Grace Marguerite Williams (author) from the Greatest City In The World-New York City, New York on July 04, 2013:
Thank you for your response and encouragement!
CarolineVABC from Castaic on July 04, 2013:
What an excellent hub regarding adult sibling rivalry! I belong to a family of ten, which I am the eighth child. I was sickly growing up and got lots of attention that way. As I got older, I started to outgrow my illness and so I was expected to deal with more responsibilities. It was a bit overwhelming at first since I was very sheltered and everyone tried to be overprotective of me, sometimes even my two younger siblings, especially the ninth child, were more self-assured and treated me like a 'fragile' sibling.
The reasons that you've enumerated here were outstanding: birth order, parental favoritism issues, and varying achievement/attainment levels. In my family, there are other issues: who has the greatest talent (especially singing), the most successful spouse and/or kids (best grades), the most good-looking kids or the adult siblings themselves, and of course the ones that you've mentioned here also play a part. I believe the parental favoritism (while our parents were still living-especially with our dearest mother), and the varying attainment/achievement levels.
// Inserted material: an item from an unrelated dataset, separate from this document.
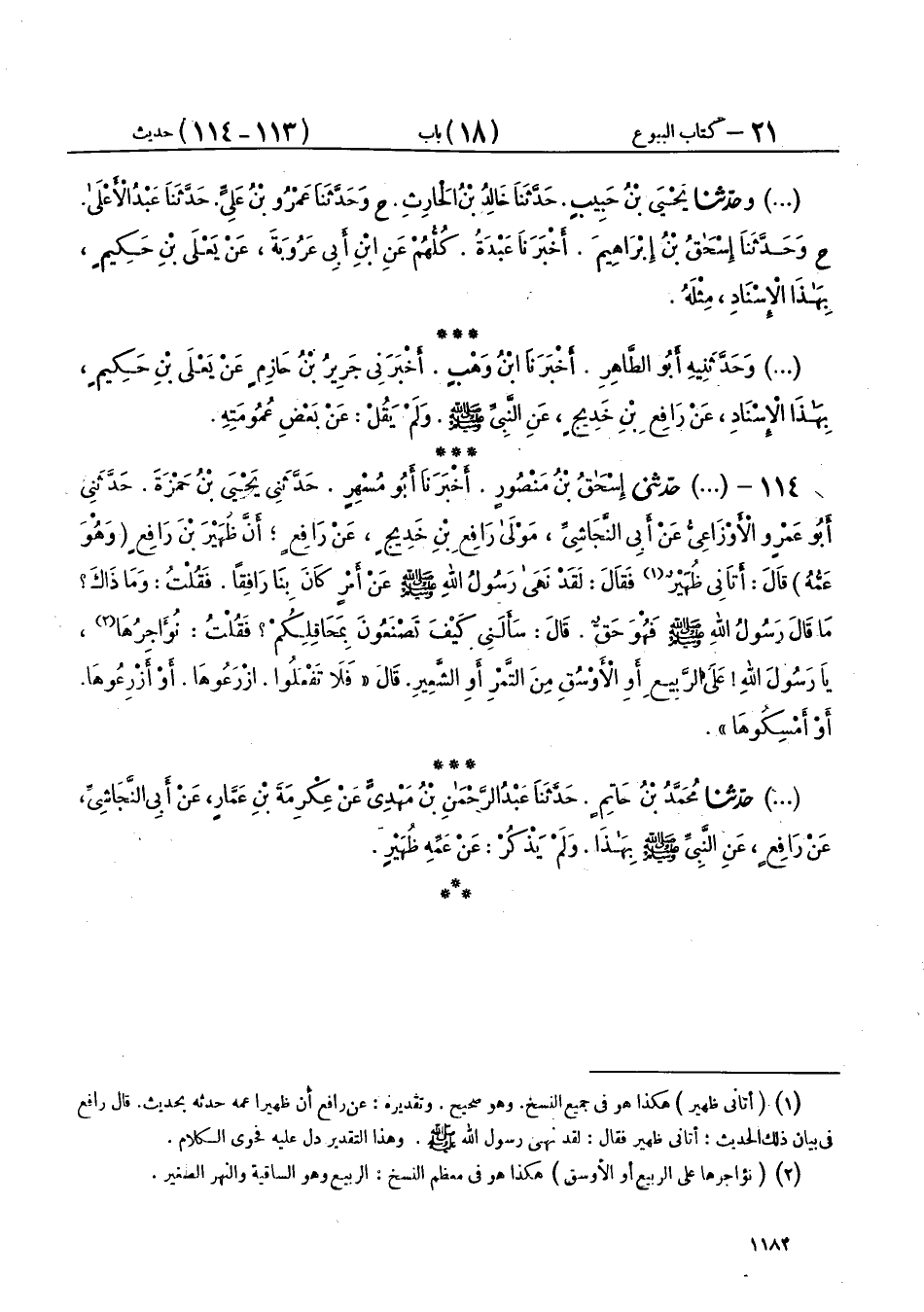 114 - (1548) حَدَّثَنِي إِسْحَاقُ بْنُ مَنْصُورٍ، أَخْبَرَنَا أَبُو مُسْهِرٍ، حَدَّثَنِي يَحْيَى بْنُ حَمْزَةَ، حَدَّثَنِي أَبُو عَمْرٍو الْأَوْزَاعِيُّ، عَنْ أَبِي النَّجَاشِيِّ، مَوْلَى رَافِعِ بْنِ خَدِيجٍ، عَنْ رَافِعٍ، أَنَّ ظُهَيْرَ بْنَ رَافِعٍ - وَهُوَ عَمُّهُ - قَالَ: أَتَانِي ظُهَيْرٌ، فَقَالَ: لَقَدْ نَهَى رَسُولُ اللهِ صَلَّى اللهُ عَلَيْهِ وَسَلَّمَ عَنْ أَمْرٍ كَانَ بِنَا رَافِقًا، فَقُلْتُ: وَمَا ذَاكَ؟ مَا قَالَ رَسُولُ اللهِ صَلَّى اللهُ عَلَيْهِ وَسَلَّمَ فَهُوَ حَقٌّ، قَالَ: سَأَلَنِي: «§كَيْفَ تَصْنَعُونَ بِمَحَاقِلِكُمْ؟» فَقُلْتُ: نُؤَاجِرُهَا يَا رَسُولَ اللهِ عَلَى الرَّبِيعِ، أَوِ الْأَوْسُقِ مِنَ التَّمْرِ أَوِ الشَّعِيرِ، قَالَ: «فَلَا تَفْعَلُوا، ازْرَعُوهَا، أَوْ أَزْرِعُوهَا، أَوْ أَمْسِكُوهَا»،

I agree with you that sibling rivalry, for the most part, continue on in adulthood, and could get worse not better; however, sibling rivalry is a part of growing up and is natural especially in larger families. Albeit, an excessive amount of it can be unhealthy and damaging to familial relationships. Thank you very much for sharing your wisdom, gmwilliams! It was great to see all of the arguments and how each adult sibling see each other and feel towards one another. This is very enlightening and such a thought provoking hub! Keep at it and may God bless your writing journey even more!